But for now, none of the reports indicate that Crabtree presented any evidence that human intelligence is in fact decreasing. Here's a summary of his argument from the Daily Mail:
Based on calculations of the frequency with which deleterious mutations appear in the human genome and the assumption that 2,000 to 5,000 genes are required for intellectual ability, Dr Crabtree estimates that within 3,000 years, about 120 generations, we have all sustained two or more mutations harmful to our intellectual or emotional stability.

Also, recent findings from neuroscience suggest that genes involved in brain function are uniquely susceptible to mutations.

Dr Crabtree argues that the combination of less selective pressure and the large number of easily affected genes is eroding our intellectual and emotional capabilities.
There is, I admit, no evidence Crabtree could present on human intelligence in history, because we have no good measure of intelligence for humans today (or any definition of intelligence that would enable us to measure it), and even if we did, we are unable to apply those measures to people who lived hundreds or thousands of years ago.  So what Crabtree has here is at best a hypothesis that he can't test, nor has he any prospect of being able to test it.  (Readers who take IQ tests seriously might want to recall the Flynn Effect, a documented rise in IQ scores that has been observed since the beginning of IQ testing.  But again, there's no way to administer IQ tests to our cavedwelling forerunners.)  According to a New York Daily News story, "Crabtree estimated that within 3,000 years, humans will endure two or more mutations harmful to our intellectual and emotional stability." Now, there's a testable prediction -- all we have to do is wait three thousand years, and then Dr Crabtree can collect his Nobel Prize!

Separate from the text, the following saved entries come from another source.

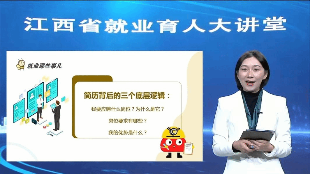 为切实助力学子提升就业实战技能、明晰职业发展路径,进一步增强毕业生就业核心竞争力,12月4日,由江西省教育厅主办、江西省教育评估监测研究院协办的“江西省就业育人大讲堂”第五期直播讲座如期开讲,同学们通过抖音扫码便捷参与线上观看,沉浸式汲取求职干货。本期讲堂以“让你的简历会‘说话’”为核心主题,特邀教育部“宏志助航计划”讲师、江西理工大学招生就业处副处长刘慧担任主讲嘉宾。
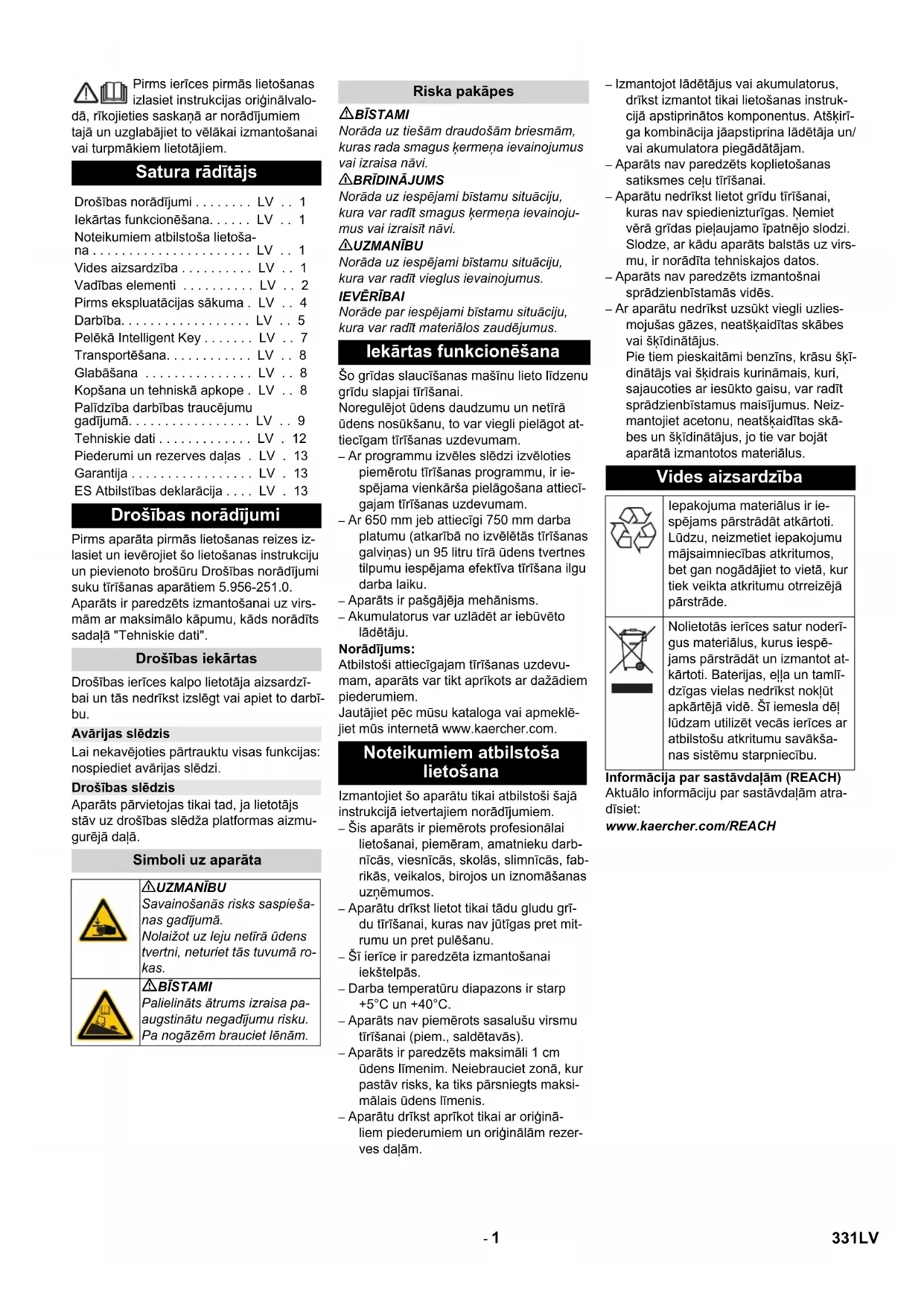 Chairman of the Board of Management Director Regulatory Affairs & Certification 330 ET- 1 Pirms ierīces pirmās lietošanas izlasiet instrukcijas oriģinālvalo- dā, rīkojieties saskaņā ar norādījumiem tajā un uzglabājiet to vēlākai izmantošanai vai turpmākiem lietotājiem. Pirms aparāta pirmās lietošanas reizes iz- lasiet un ievērojiet šo lietošanas instrukciju un pievienoto brošūru Drošības norādījumi suku tīrīšanas aparātiem 5.956-251.0. Aparāts ir paredzēts izmantošanai uz virs- mām ar maksimālo kāpumu, kāds norādīts sadaļā "Tehniskie dati". Drošības ierīces kalpo lietotāja aizsardzī- bai un tās nedrīkst izslēgt vai apiet to darbī- bu. Lai nekavējoties pārtrauktu visas funkcijas: nospiediet avārijas slēdzi. Aparāts pārvietojas tikai tad, ja lietotājs stāv uz drošības slēdža platformas aizmu- gurējā daļā. BĪSTAMI Norāda uz tiešām draudošām briesmām, kuras rada smagus ķermeņa ievainojumus vai izraisa nāvi.
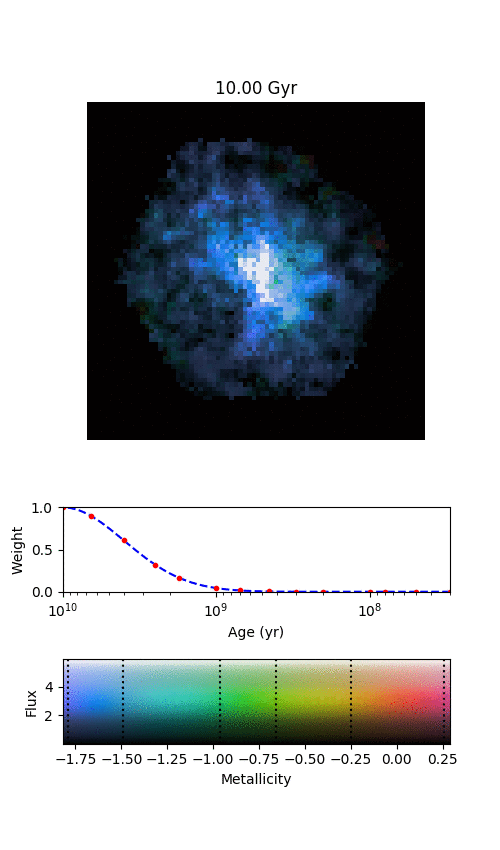 An example galaxy in MaNGA, where we’ve managed to split the galaxy into different stellar populations of different ages. Each frame shows where we find stars of a given age in this galaxy, starting from the oldest stars and finishing with the most recently formed stars. The colour denotes the mean metallicity of the stars, shown by the scale at the bottom.
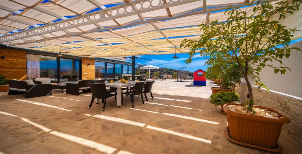 Havuz ve Bahçe : Villamızın özel yüzme havuzun muhafazakar olup dışardan kesinlikle görünmemektedir. Şezlong, şemsiye, yemek masası, barbekü bulunmaktadır.
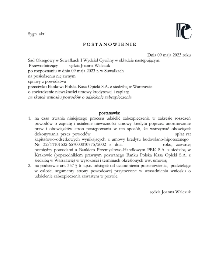 Sąd Okręgowy w Suwałkach udzielił zabezpieczenia w sprawie frankowej! Kredytobiorcy przez cały czas trwania procesu nie muszą spłacać rat kredytu.
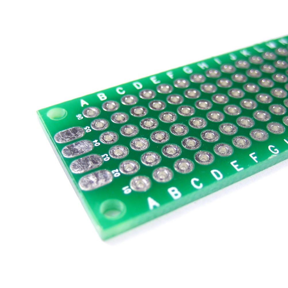 Макетная плата, двухсторонняя, с металлизацией отверстий, размеры 20х80 мм. Цвет маски зелёный. Шаг 2,54 мм.
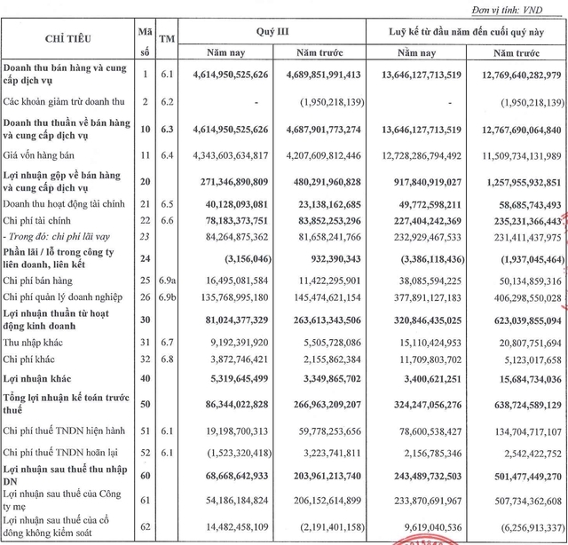 Chi phí tài chính giảm 7% xuống 78,18 tỷ đồng. Chi phí quản lý doanh nghiệp giảm 7% xuống 135,8 tỷ đồng và chi phí bán hàng tăng 45% lên 16,5 tỷ đồng.
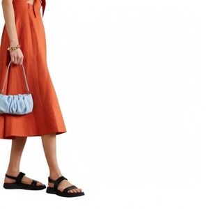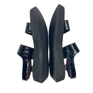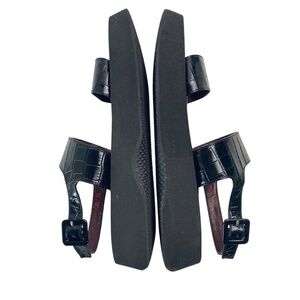 STAUD Nicky Platform Sandals in Crocodile-Embossed Leather Slingback Black Sz 37
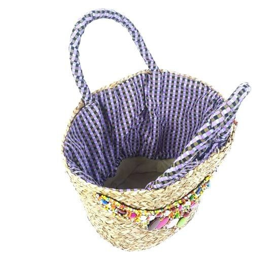 S_811443B - AB COLLEZIONI - BRAIDED seagrass BAG WITH BEAUTIFUL APPLICATION - PURPLE (1st)
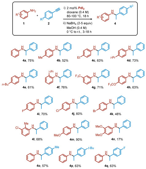 Not surprisingly, imine products 3 were unstable under acidic conditions and the isolated yields after column chromatography were very low. We then decided to reduce compounds 3 to the corresponding, more stable secondary amines 4 (See Supplementary Materials for NMR spectra of 4), using simple and inexpensive NaBH4. The overall isolated yields for the two-step synthesis of secondary amines 4 (I step: PdI2-catalyzed hydroamination and II step: reduction) starting from anilines and terminal arylacetylenes, reported in Scheme 3, ranged from 17% to 90%. In some cases, the two-step yield was about 20% lower than the corresponding NMR hydroamination yield (4o-q). This was mainly due to a non-optimized reduction procedure, which can be improved with the use of alternative reduction reagents, such as NaBH3CN.
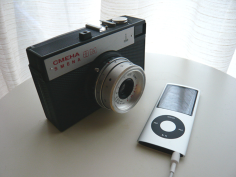 ひとつは、以前から存在が気になっていたSMENA 8M。 まだまだ勉強不足なので多くは語らない。 とある朝、やたらと早く目が覚めてMIXIをチェックしたところ、 このカメラのコミュにて「お譲りします」と出ていたのを発見した。 早速メッセージを送り、結果、お手ごろな価格でお譲りいただいた。 「早起きってステキ」。本気でそう思った。 made in USSRとの印字が、これまたニクイ。 もうひとつは、さぁ、敗者と認めよう、りんごのマークのアイツだ。 デジカメだけでは持ちきれない 過去の写真も持ち歩きたいと最近富みに思い、 また、geniusの機能に魅せられ、 ついに手を出した。 この子たちで当分遊べる。 次に欲しいのは 線が黒いイヤホンと、 カメラのために改造するかっこいいギターストラップ。 | |
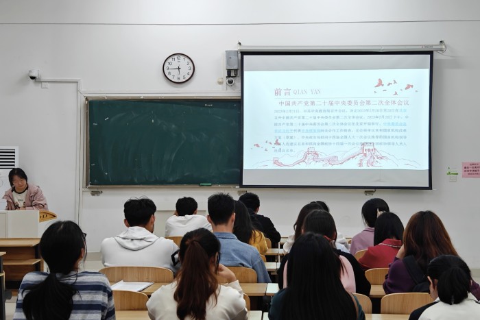 党的百年奋斗重大成就和历史经验,是在建党百年历史条件下开启全面建设社会主义现代化国家新征程、在新时代坚持和发展中国特色社会主义的需要,具有重大的历史意义和现实指导意义。尹成超从“为落实深化机构改革指明方向 ”“学习宣传贯彻党的二十大精神”“努力实现今年各项目标任务”“二十届二中全会号召”四个部分进行讲解,要求学生干部将挺膺担当的精神状态投身到学习、工作和生活中,坚定理想信念,发扬斗争精神,以最饱满的热情和奋力拼搏的精神迎接新的挑战。
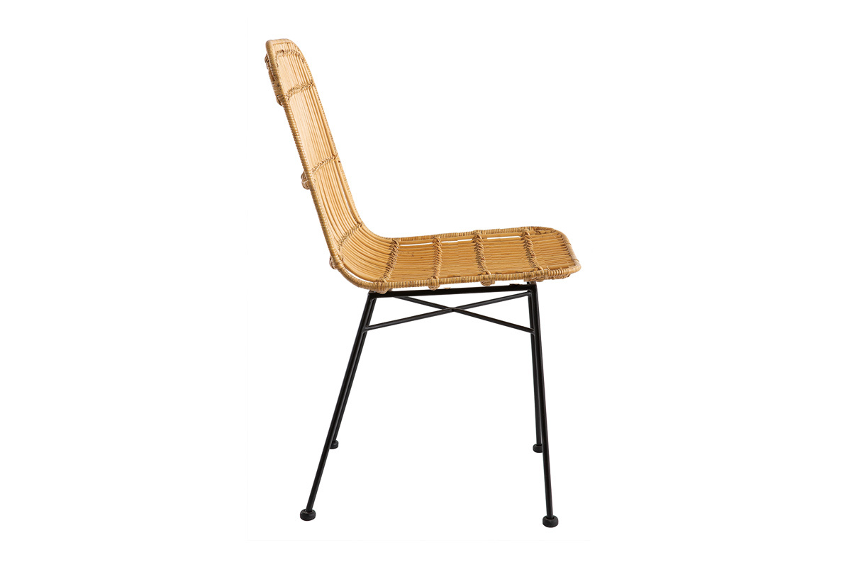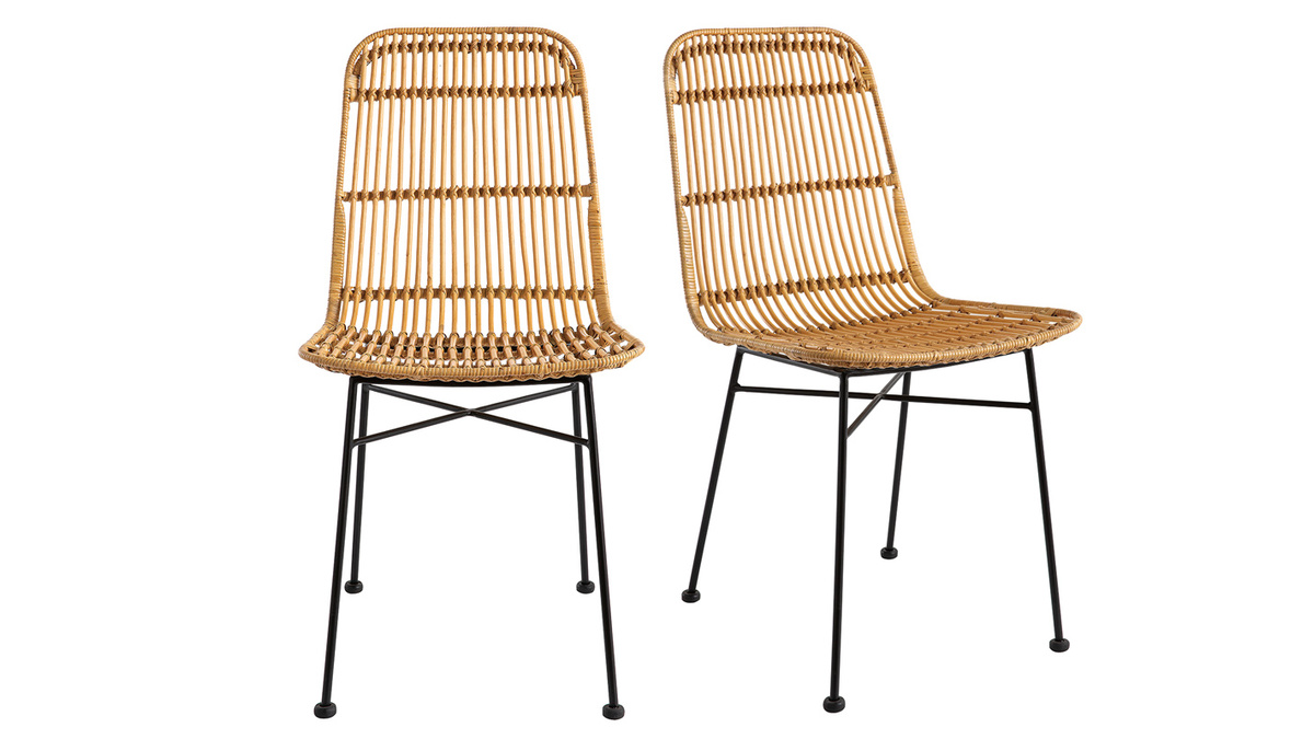 Ces chaises en rotin sont des assises de caractère réalisées artisanalement. Leurs lignes épurées en font des pièces d'une grande légèreté visuelle qui s'adaptent à tous les intérieurs. La tendance est au rotin ! Une matière qui s'intègre très facilement aux différentes pièces de la maison et apporte un style exotique qu'on adore. Avec leur authentique structure en rotin peinte en noir et leurs jolies courbes, ces chaises à l'inspiration rétro sont idéales pour apporter élégance et charme à l'espace repas. Que votre intérieur soit vintage, bohème ou ethnique chic, ces chaises en rotin et métal noir trouveront toujours leur place !
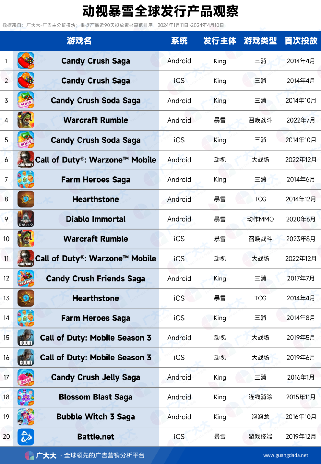 相比于网易在移动游戏上的全能,动视暴雪的表现只能说是勉勉强强。在手游领域最能打的要数暴雪在2015年收购的【Candy Crush Saga(糖果粉碎传奇)】研发商King,其次就要数和网易共同研发的【暗黑破坏神:不朽】。
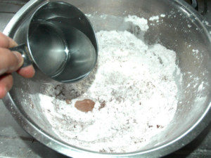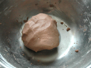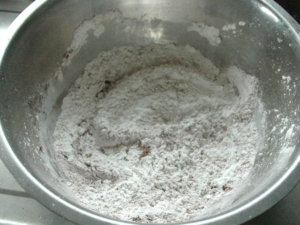![]() ①白玉粉と上新粉、砂糖、ココアをボールに入れ、良く混ぜておきます。 |
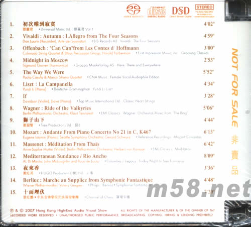 香港高級視聽展2007原音精選SACD(m58.net) 附送大會精心選輯靚聲雙層SACD《2007原音精選》一只,SACD或CD機皆可播放,內里精選來自不同國家、廣為音響發燒友鐘愛的美妙音樂,目的旨在讓普羅大眾有機會接觸不同音樂文化及享受迫真的錄音效果
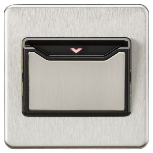 • Knightsbridge 32A 1 Gang Screwless Flat Plate Key Card Switch - Brushed Chrome
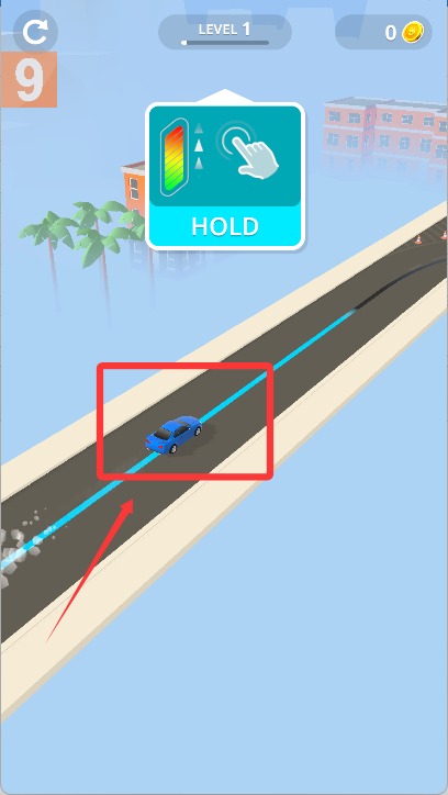 1、进入赛道后,油门自动保持前行,通过左右滑动控制车辆倾斜与漂移,以躲避道路两侧及中间的障碍物,保持高速稳定。
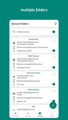 Autosync is an automatic file sync and backup tool. You choose which folder in your device should be synced with which folder in your cloud storage account, and how. Autosync will then keep files in these two folders in sync with each other, automatically and without any additional efforts from the user.
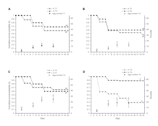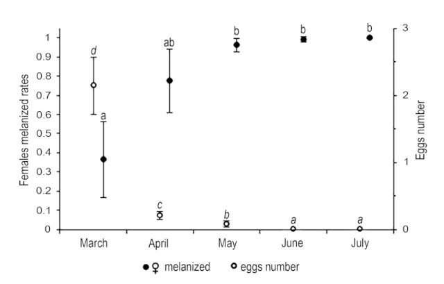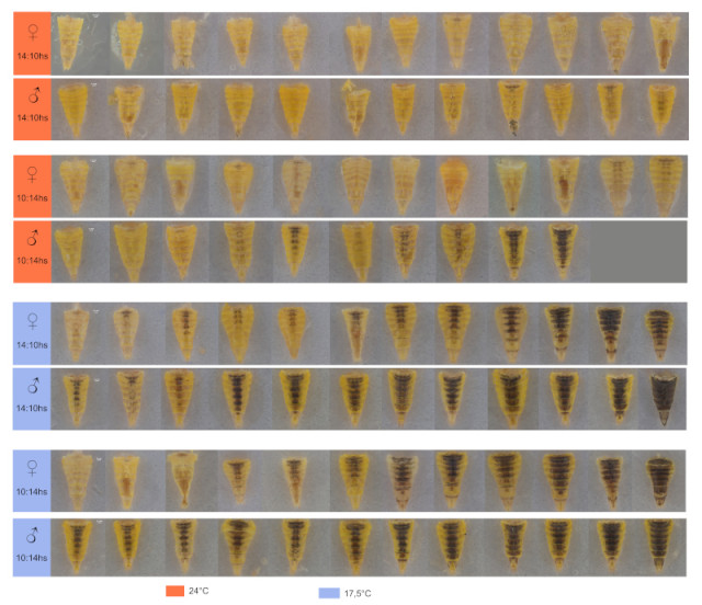 A partir de eso nos preguntamos: ¿Qué factor será el disparador para que los ovarios comiencen a madurar huevos? Apostábamos a que se trataba de una combinación de condiciones ambientales: aumento de temperatura y de fotoperíodo que le indicaban al organismo de la hembra “¡está llegando el verano y ya va a encontrar plantas de maíz, puedes empezar a madurar huevos!”. Pero nuestros experimentos sometiendo las hembras invernales a distintas combinaciones de temperatura (por ejemplo, temperatura media de fines de invierno y media de principio de verano) y fotoperíodo (de invierno y de verano) nos demostraban que aquellos individuos que manteníamos sin acceso al maíz seguían con sus gónadas en quiescencia reproductiva; mientras que todas las hembras que tuvieron acceso a plantas de maíz, incluso aquellas mantenidas en condiciones invernales (a bajas temperaturas y pocas horas diarias de luz), produjeron rápidamente huevos. Además, observamos que estas hembras no requerían copular nuevamente, dado que ya habían sido fecundadas durante el verano y aún conservaban espermatozoides viables dentro de sus espermatecas. Descubrimos que son capaces de poner huevos fértiles por más de 14 días.
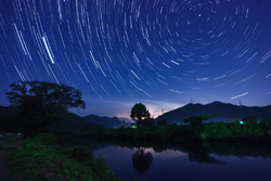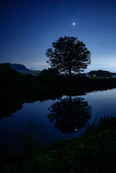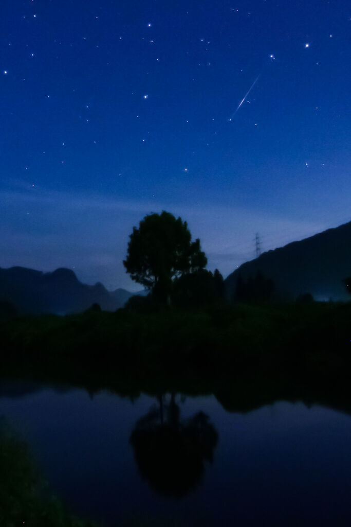 日中ものすごく暑かったこの日、夕立来るかなーなんて予想に反し、実に久しぶりに雲ひとつない満天の星空が広がりました。折しもペルセウス座流星群極大&夏休みイブとくれば、黙ってるわけにはいきません。てなわけで、笹原田のいつものスポットへ足を運びました。夜になっても暑さは続いていたのですが、川辺に吹く風はどこまでも心地よく、快適な星空観察を楽しむことができました。何よりこちらの魅力はこのロケーション。どの方位を向いても絵になる景色を堪能できます。この日は時を忘れて3時間。21個の流れ星、月明かりの飛行機雲、昇りかけの金星や遥か日光連山の遠雷を楽しむことができました。1枚目、控えめな流れ星、見えるかなー。鹿沼市内から気軽に行ける星空スポット、おすすめです。
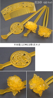 【コンビニ受取対応商品】【楽天BOX受取対象商品】 イベント&特集花魁簪 かんざし 4点セット 卵甲 牡丹 商品説明 丁寧に彫られた牡丹の絵柄は上品で高級感があり、簪にも立体的な牡丹があしらわれ卵甲色で華やかさもあります。
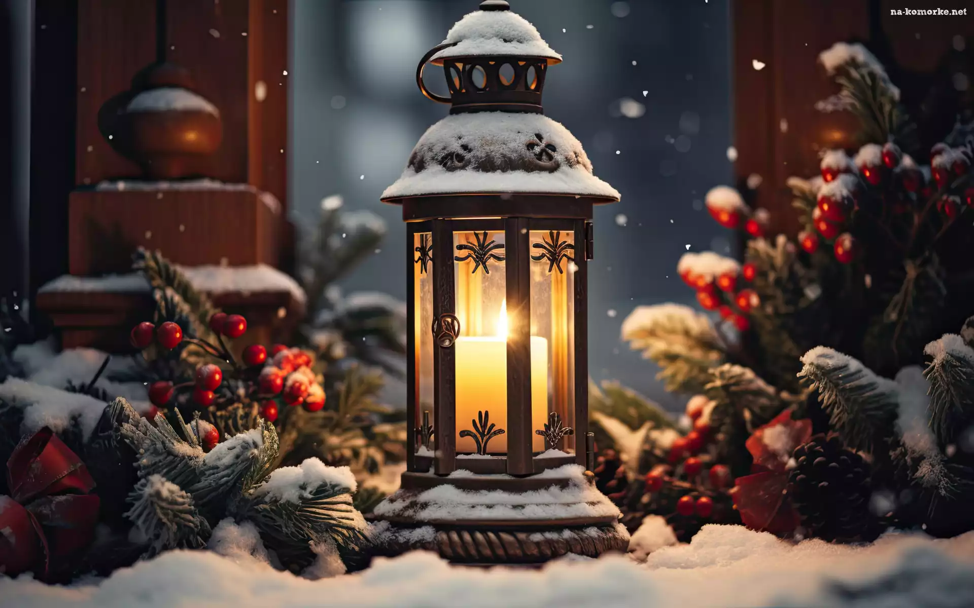 Ozdoby, Zima, Gałązki, Świeca, Śnieg, Lampion na Komórkę

So how does Crabtree argue for a decline in human intelligence?  He uses a well-worn canard, that human beings have gone soft over the millennia because we don't have to dodge saber-tooth tigers anymore.  As this writer quotes him:
"Needless to say a hunter gatherer that did not correctly conceive a solution to providing food or shelter probably died along with their progeny, while a modern Wall Street executive that made a similar conceptual mistake would receive a substantial bonus," Crabtree explains.
Crabtree gets a point or two for mocking the people who think they're the smart ones, but that may be why this blogger -- Web Editor for the San Francisco Business Times -- isn't all that impressed.  Still, he does a good job on a much quoted passage from the paper:
"I would be willing to wager that if an average citizen of Athens of 1000 BC were to appear suddenly among us, he or she would be among the brightest and most intellectually alive of our colleagues and companions," writes Crabtree (whose knowledge of Athenian history may not be quite as good as his obvious expertise in genetics -- he's chosen a date from the Dark Age in Greece, when writing was forgotten and "citizen" was a bit of a stretch, centuries before democracy, Pericles and his ilk -- ah, but I digress; read on, perhaps that's his point after all).

"We would be surprised by our time-visitor's memory, broad range of ideas and clear-sighted view of important issues. I would also guess that he or she would be among the most emotionally stable of our friends and colleagues," he goes on.
He adds, "I would also make this wager for the ancient inhabitants of Africa, Asia, India or the Americas, of perhaps 2,000 to 6,000 years ago."  So that's all right then.

I really must track down a copy of the paper, because I find it hard to believe that this drivel was published in a professional, peer-reviewed journal of genetics.  There's no science here, just speculation and fabulation: "I would be willing to wager ... We would be surprised ... I would also guess ..."  That and $2.50 will get you on the Metro.  It might fly on an Op-Ed page somewhere, but a scientist is supposed to give support for speculations, not just toss them out and treat them as fact.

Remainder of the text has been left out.